**Exercise objective:** In the answer, give the entries below exactly, from the first line through the line with "4100以及Apollo 4s雙芯片,并內(nèi)置ColorOS Watch和RTOS雙系統(tǒng),支持eSIM。", with every picture omitted.

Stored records
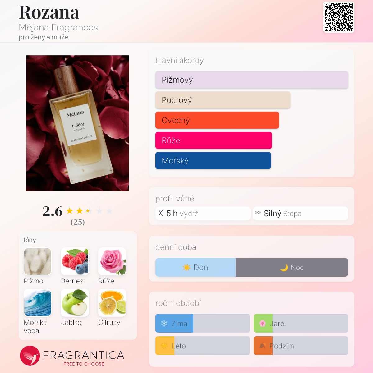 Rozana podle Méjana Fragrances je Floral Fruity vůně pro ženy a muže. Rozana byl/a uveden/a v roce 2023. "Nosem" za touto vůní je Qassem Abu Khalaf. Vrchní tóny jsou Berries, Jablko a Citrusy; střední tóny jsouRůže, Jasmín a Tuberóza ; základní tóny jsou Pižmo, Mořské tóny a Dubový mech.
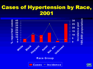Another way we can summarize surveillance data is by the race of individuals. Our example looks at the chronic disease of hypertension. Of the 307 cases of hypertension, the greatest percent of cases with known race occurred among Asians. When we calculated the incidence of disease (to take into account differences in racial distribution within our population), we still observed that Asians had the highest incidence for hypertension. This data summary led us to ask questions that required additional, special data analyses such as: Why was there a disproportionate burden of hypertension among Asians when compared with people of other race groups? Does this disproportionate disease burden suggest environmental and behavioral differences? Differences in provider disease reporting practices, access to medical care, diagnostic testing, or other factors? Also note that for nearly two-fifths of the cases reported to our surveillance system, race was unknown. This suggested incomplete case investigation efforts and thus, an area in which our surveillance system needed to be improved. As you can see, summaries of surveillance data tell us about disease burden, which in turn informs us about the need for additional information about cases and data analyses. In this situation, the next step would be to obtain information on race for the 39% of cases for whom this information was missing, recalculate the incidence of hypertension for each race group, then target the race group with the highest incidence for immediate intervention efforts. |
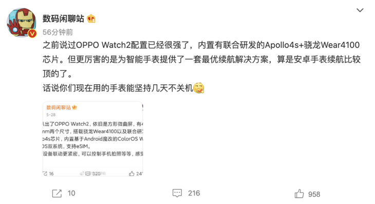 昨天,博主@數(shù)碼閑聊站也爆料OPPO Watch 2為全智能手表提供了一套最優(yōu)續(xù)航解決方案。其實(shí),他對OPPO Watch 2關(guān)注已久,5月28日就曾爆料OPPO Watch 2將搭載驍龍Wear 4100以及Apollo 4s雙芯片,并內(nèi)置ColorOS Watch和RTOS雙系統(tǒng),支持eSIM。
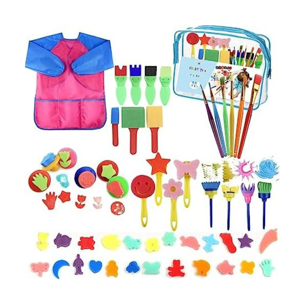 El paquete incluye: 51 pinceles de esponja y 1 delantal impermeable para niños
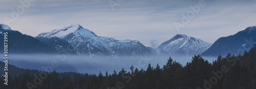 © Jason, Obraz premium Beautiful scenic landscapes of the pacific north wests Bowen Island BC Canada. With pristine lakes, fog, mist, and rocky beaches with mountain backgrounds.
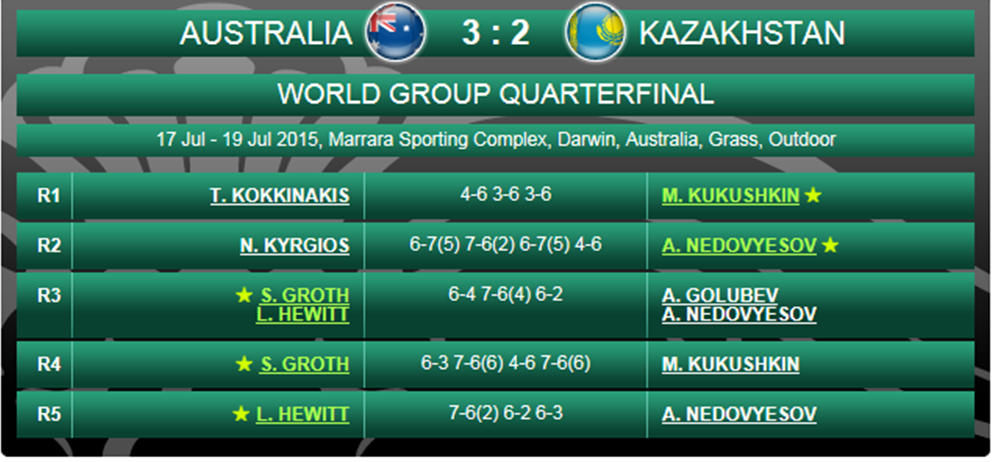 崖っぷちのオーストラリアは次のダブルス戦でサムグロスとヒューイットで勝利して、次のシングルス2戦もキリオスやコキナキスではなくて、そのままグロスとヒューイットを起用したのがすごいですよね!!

**Your solution:**
 Rozana podle Méjana Fragrances je Floral Fruity vůně pro ženy a muže. Rozana byl/a uveden/a v roce 2023. "Nosem" za touto vůní je Qassem Abu Khalaf. Vrchní tóny jsou Berries, Jablko a Citrusy; střední tóny jsouRůže, Jasmín a Tuberóza ; základní tóny jsou Pižmo, Mořské tóny a Dubový mech.
Another way we can summarize surveillance data is by the race of individuals. Our example looks at the chronic disease of hypertension. Of the 307 cases of hypertension, the greatest percent of cases with known race occurred among Asians. When we calculated the incidence of disease (to take into account differences in racial distribution within our population), we still observed that Asians had the highest incidence for hypertension. This data summary led us to ask questions that required additional, special data analyses such as: Why was there a disproportionate burden of hypertension among Asians when compared with people of other race groups? Does this disproportionate disease burden suggest environmental and behavioral differences? Differences in provider disease reporting practices, access to medical care, diagnostic testing, or other factors? Also note that for nearly two-fifths of the cases reported to our surveillance system, race was unknown. This suggested incomplete case investigation efforts and thus, an area in which our surveillance system needed to be improved. As you can see, summaries of surveillance data tell us about disease burden, which in turn informs us about the need for additional information about cases and data analyses. In this situation, the next step would be to obtain information on race for the 39% of cases for whom this information was missing, recalculate the incidence of hypertension for each race group, then target the race group with the highest incidence for immediate intervention efforts. |
 昨天,博主@數(shù)碼閑聊站也爆料OPPO Watch 2為全智能手表提供了一套最優(yōu)續(xù)航解決方案。其實(shí),他對OPPO Watch 2關(guān)注已久,5月28日就曾爆料OPPO Watch 2將搭載驍龍Wear 4100以及Apollo 4s雙芯片,并內(nèi)置ColorOS Watch和RTOS雙系統(tǒng),支持eSIM。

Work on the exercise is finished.